Atualizado: 21 de fev.


Há tempos atrás a Vila do Povo Feliz se orgulhava de suas famílias sapateiras. Talvez pareça algo retirado das páginas de um conto de fadas, mas nessas terras o sapato era visto como um verdadeiro tesouro, confeccionado com maestria a partir do couro de boi curtido e personalizado de acordo com o gosto de cada cliente peculiar.

Apesar da limitada oferta de modelos, a habilidade e a criatividade dos sapateiros eram cruciais na hora da escolha. A moda não era uma preocupação nessa vila encantada, onde os sapatos e botas seguiam um padrão que todos utilizavam para ir à igreja, ao comércio ou mesmo para o trabalho no campo.

Naquela época, a vila era um verdadeiro centro, onde pessoas de todos os cantos se dirigiam para fazer suas compras. Os agricultores familiares, dotados de terras acidentadas e dependentes de sua própria força de trabalho, encontravam ali uma forma de ter uma vida digna.
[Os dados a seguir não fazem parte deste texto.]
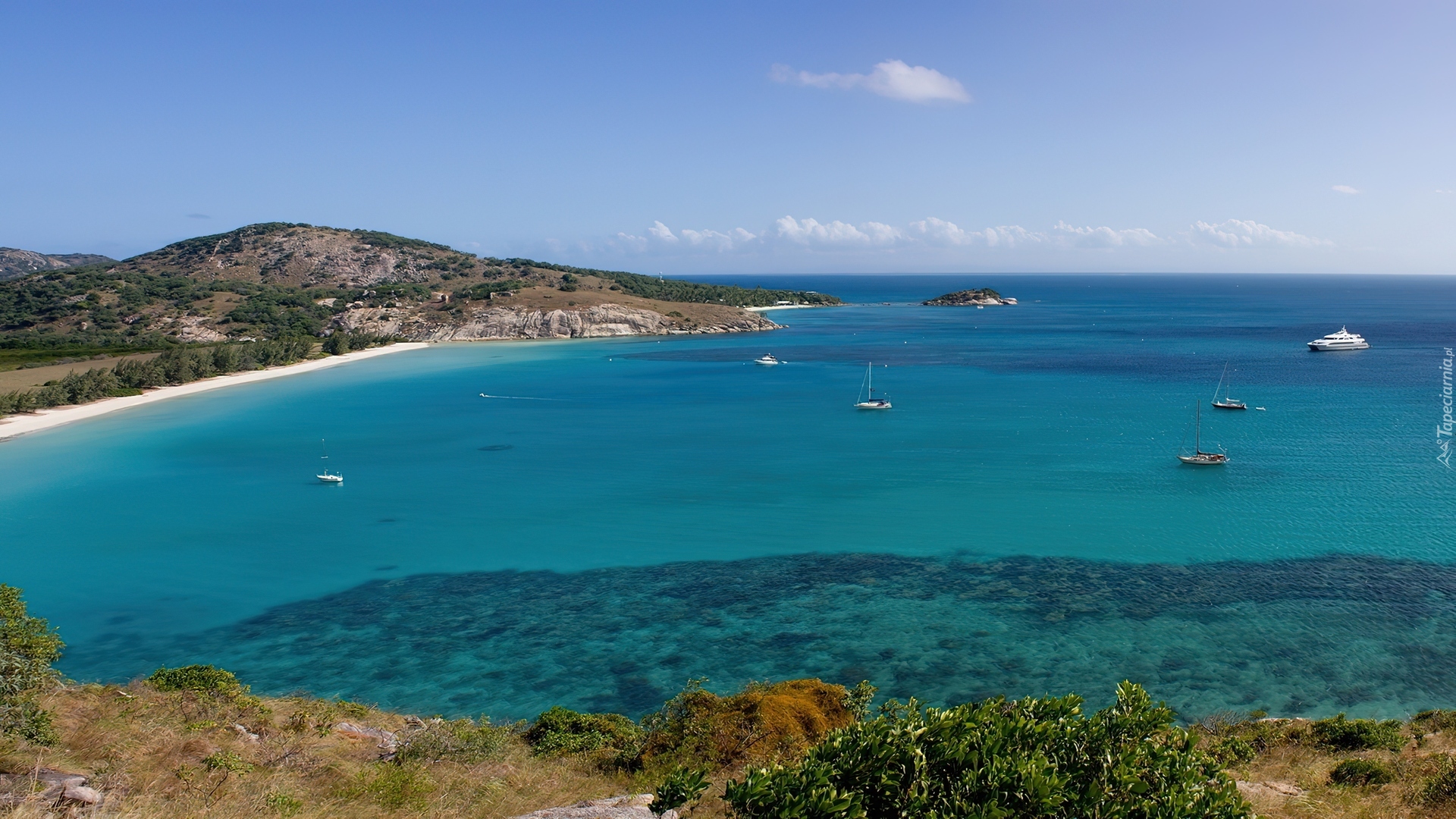Edytor tapety: Wyspa, Morze, Łodzie

A memória dos mais velhos nos traz nostalgicamente a lembrança desses tempos áureos. É verdade que os produtos tinham mais valor naquela época, mas isso é algo a se questionar. A produção era limitada e o que de fato fazia a diferença era o custo de vida baixo, já que a maioria dos bens de consumo eram produzidos nas próprias propriedades. Além disso, não havia despesas com energia, água ou eletrônicos, mas isso é um assunto para outra ocasião.

Enfim, a vida dos nossos sapateiros era algo quase mágico. Eles conseguiram, por meio de seu talento, viver dignamente de uma atividade que, nos tempos atuais, é praticamente inexistente.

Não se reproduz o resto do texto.